Deep Reinforcement Learning for Robotic Manipulation under Distribution Shift with Bounded Extremum Seeking
Shaifalee Saxena, Rafael Fierro, Alexander Scheinker

TL;DR
This paper proposes a hybrid control method combining deep reinforcement learning with bounded extremum seeking to enhance robustness of robotic manipulation policies under distribution shifts.
Contribution
It introduces a novel hybrid controller that integrates DDPG policies with bounded extremum seeking for improved robustness in contact-rich tasks.
Findings
The hybrid controller maintains performance under out-of-distribution conditions.
Bounded ES enhances robustness to time variations and contact condition changes.
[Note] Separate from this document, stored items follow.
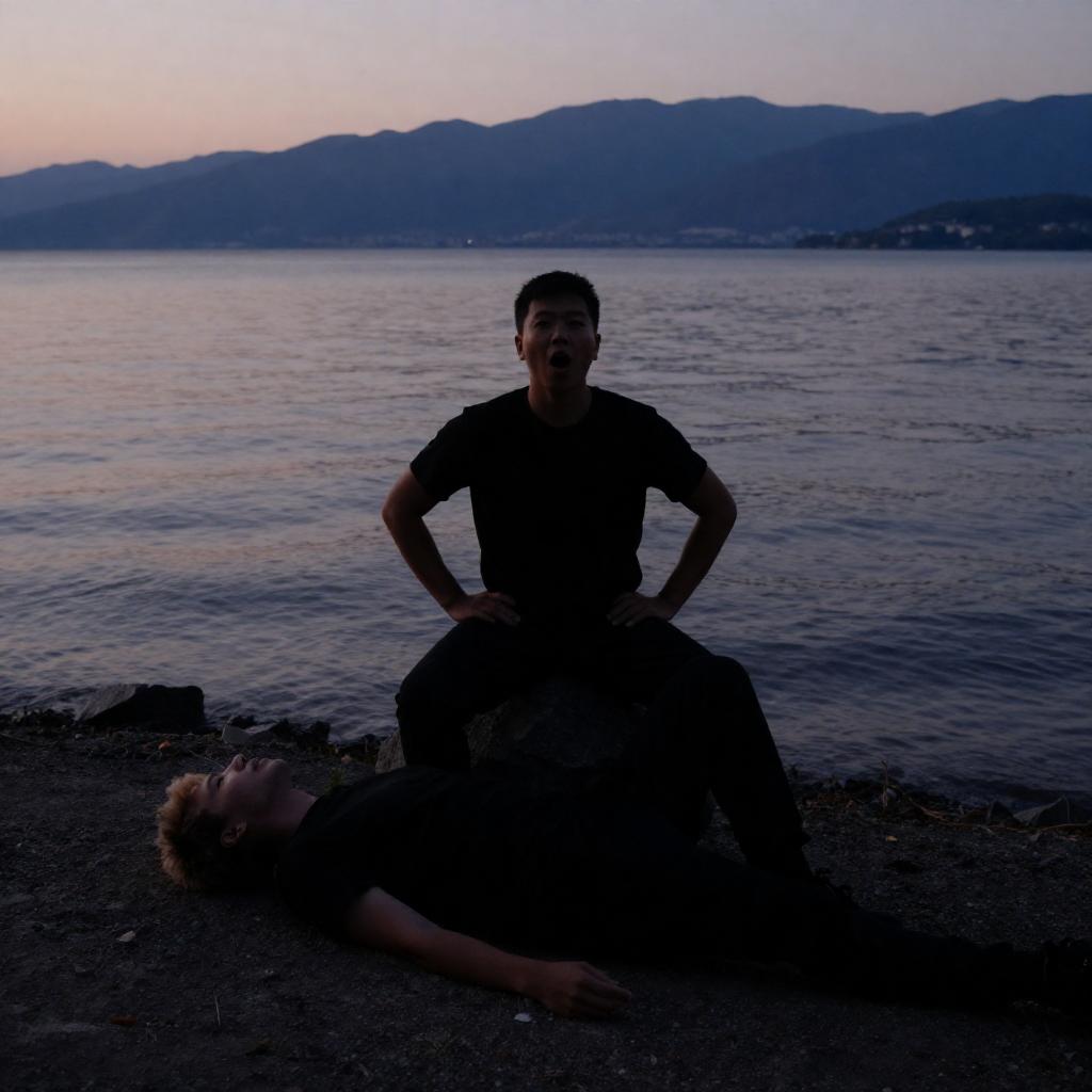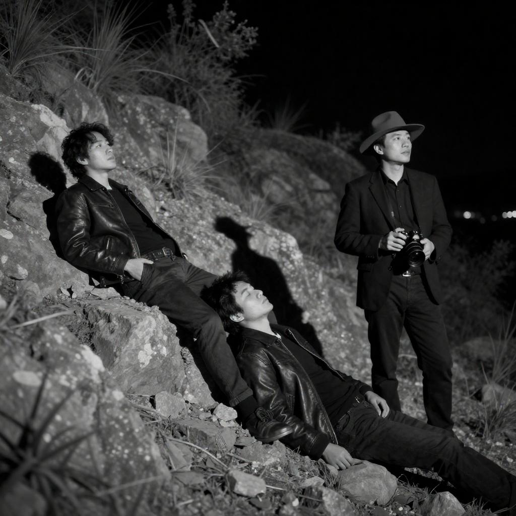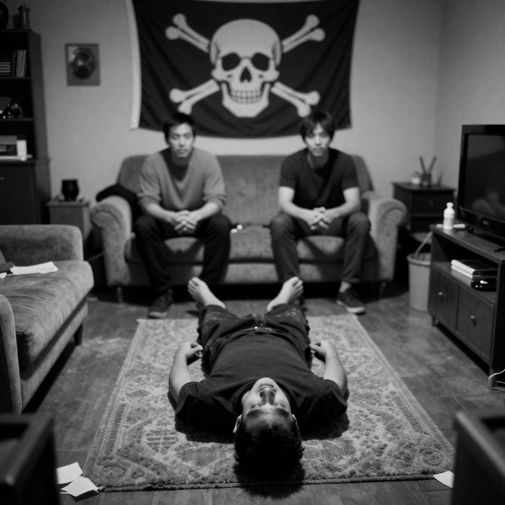 Black-and-white photograph of a man lying on the floor with a skull and crossbones flag above him, while two people sit on a couch in the background. The man on the floor wears dark clothes, while the two seated individuals wear casual attire. The room has a cluttered, lived-in feel with various objects and a TV on the right.
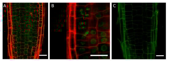 Subcellular localization of the TEB protein in meristematic root cells synchronized with hydroxyurea. (A) Arabidopsis pTEB::TEB-GFP seedlings were treated with hydroxyurea for 16 h, and a diffuse pattern of GFP in meristematic cells of the cortex was observed. The cell wall was stained with propidium iodide (red). (B) After 18 h of hydroxyurea treatment, GFP was detected as a ring surrounding the nucleus in the cortex cells. (C) TEB was located in the cell wall after 19 h of hydroxyurea treatment. Hydroxyurea stops DNA synthesis and after 16–17 h most of the cells are at the G2/M transition and at 18–20 h cytokinesis occurs according to Cools et al. []. Seedlings were sown in MS medium and transferred on day 6 to MS medium with hydroxyurea for 16–20 h. The images are all section images. Scale bars = 20 µm. The Arabidopsis transgenic plants were obtained as described in Salazar-Iribe et al. [].
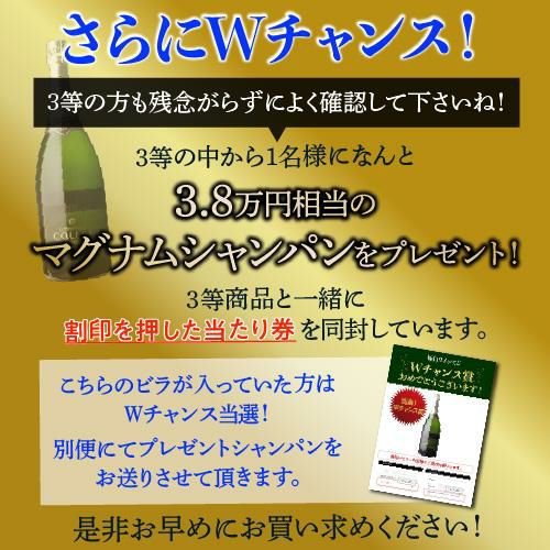 他の画像を見る 高級シャンパン を探せ! 特賞は3種類!決算シャンパンくじ 超レアシャンパンが当たるかも!?【先着300セット】 シャンパン シャンパーニュWくじ リカーマウンテン 福袋お一人様3本まで 【送料別】 ¥ 7,777 税込 お気に入りに登録する 在庫切れ 販売を終了しました。
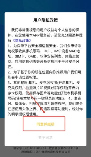 1、轻点同意按钮即可顺利进入应用,开启您的学习之旅,准备迎接新知识的挑战。
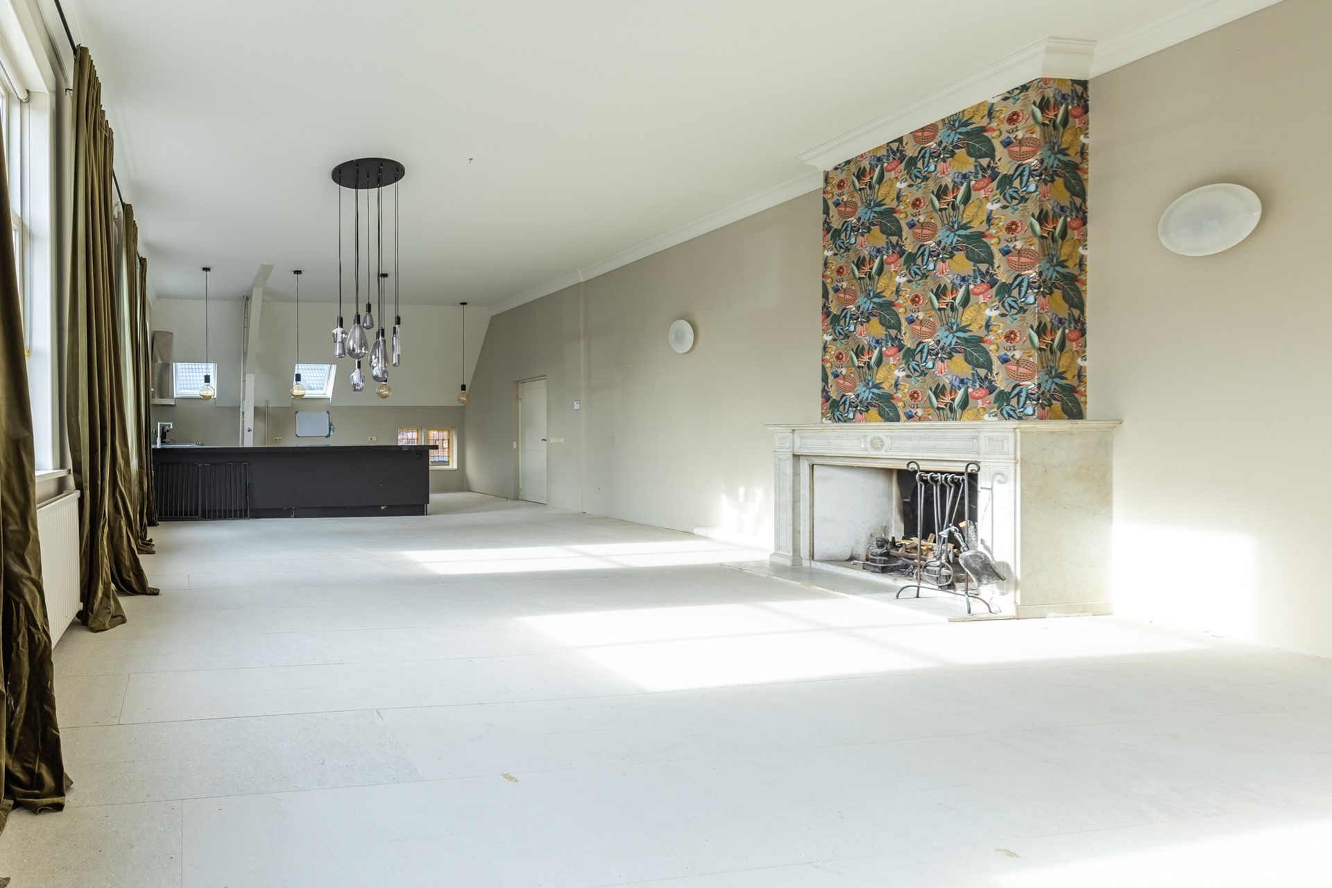 Aan de voorzijde ligt de indrukwekkende voormalige raadzaal, nu een royale woonkamer met hoge plafonds, veel licht en grote ramen. De volledige vloer is recent verwijderd en uitgevoerd met een vernieuwde, geïsoleerde en brandvertragende constructie. De woonlaag is hiermee direct klaar voor een nieuwe houten vloer of andere passende afwerking naar wens.
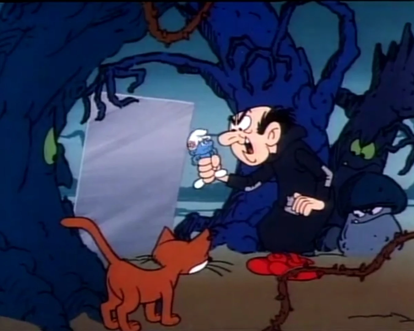 Within the scary realm of the mirror, Smurfette and Brainy call out for Clumsy, whom they find hiding behind a rock. They start running when Smurfette sees a giant tree coming after them, only to run into Azrael, who was only briefly awakened when they bumped into him. As the three Smurfs fearfully back away, they see Gargamel holding Vanity, preparing to put him in the stew pot. The evil wizard takes a whiff of the simmering contents before his nose also picks up the scent of more Smurfs. He tells Azrael to get ready, but then Vanity slips out of Gargamel's grasp and punches him in the nose before making a run for it. He joins the other three Smurfs in trying to escape the terrible twosome, but there's no way for them to leave the dark realm of the mirror. They find themselves trapped between the entrance and their pursuers. Gargamel tells Azrael to stand back as he pulls out a club to smash the Smurfs with it. Instead, he misses them and ends up breaking the glass of the mirror entrance, opening a small crack for the Smurfs to escape through.
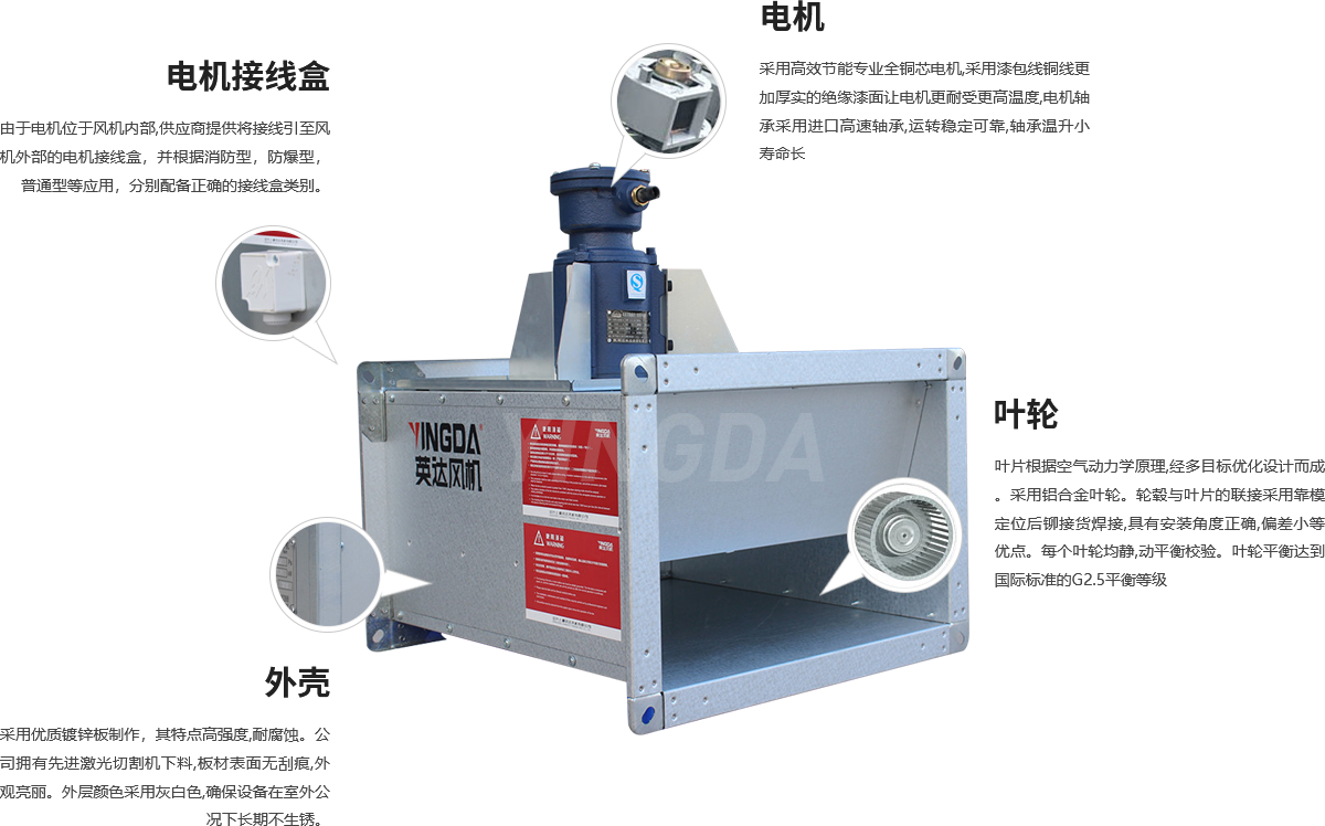 由於電機位於風機內部,供應商應提供將接線引至(zhì)風機外部的電機接線盒,並根據消防型、防爆(bào)型(xíng)、普通型等(děng)應用,分別配備正確的接線盒類(lèi)型。
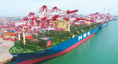4月26日,载箱量2.4万标准箱的全球首艘最大集装箱班轮——THE联盟“HMM阿尔赫西拉斯”轮首航仪式在山东港口青岛港举行,标志着山东港口集装箱业务迈入2.4万标准箱“大船时代”。 潘俊强 兰文鹏摄(人民视觉)
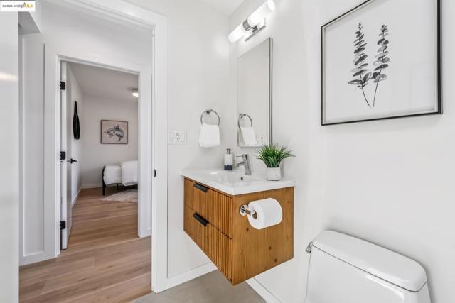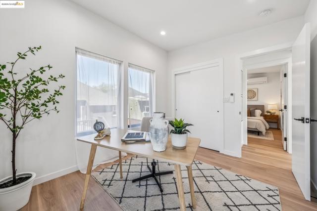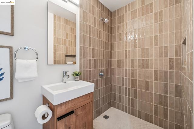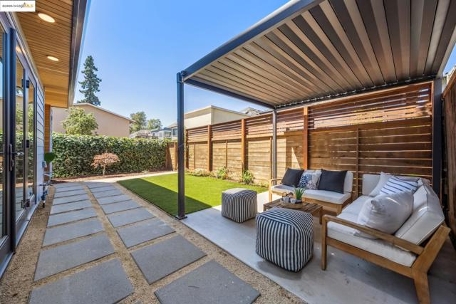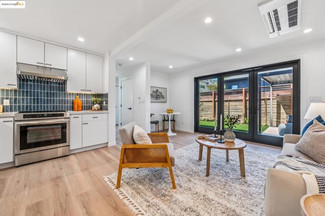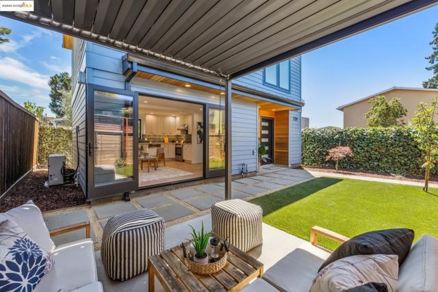 Rare, sustainable and NEW in North Oakland’s coveted Bushrod Park: a modern / minimalist-inspired contemporary by New Avenue Homes. Tucked behind a classic 1910 home, this all-electric, energy-efficient new build offers indoor-outdoor living close to BART, Berkeley Bowl, Rockridge, and Temescal—voted East Bay's best neighborhood for going out. A light-filled plan centers the kitchen, living and dining rooms with a dramatic wall of glass opening to a private landscaped yard for seamless entertaining. Wide-plank floors, skylights, black-framed windows, designer lighting, artisan tile and clean lines nod to modern sensibility and craftsmanship. The chef’s kitchen boasts SS appliances, induction range, quartz counters, and blue tile backsplash. Built to modern energy and seismic standards, and designed to be net-zero-ready with HRV filtration, EV-ready parking, and more. Peaceful, private rear setting with Walk Score 90, Bike Score 100, and walking distance to BART. Opportunity to purchase the front home and own both great homes. Flexible Tenancy in Common (TIC) ownership structure may qualify for subdivision opportunities under SB9 and/or SB 684 to unlock future value potential (Buyer to verify) or purchase both homes together. Must see.
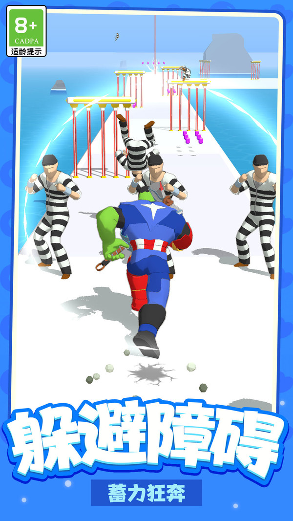 热血冲突是一款卡通风格的跑酷类休闲手游,在这里努力的去冲刺到最后不断的升级来助力玩家成为最强超级英雄!这款游戏将收集,战斗,休闲等等玩法整合到了一起,玩家在赛道上不断地收集超级英雄的服装部件,努力的去继承他们的意志,和那些邪恶力量展开激烈的战斗!全新的角色让玩家来解锁,勇往直前努力的击败邪恶势力!超级丰厚的任务奖励,助力玩家一步步变得更强,成为超级英雄吧!

The approach is validated on pushing and pick-and-place tasks with varying environments.
Abstract
Reinforcement learning has shown strong performance in robotic manipulation, but learned policies often degrade in performance when test conditions differ from the training distribution. This limitation is especially important in contact-rich tasks such as pushing and pick-and-place, where changes in goals, contact conditions, or robot dynamics can drive the system out-of-distribution at inference time. In this paper, we investigate a hybrid controller that combines reinforcement learning with bounded extremum seeking to improve robustness under such conditions. In the proposed approach, deep deterministic policy gradient (DDPG) policies are trained under standard conditions on the robotic pushing and pick-and-place tasks, and are then combined with bounded ES during deployment. The RL policy provides fast manipulation behavior, while bounded ES ensures robustness of the overall…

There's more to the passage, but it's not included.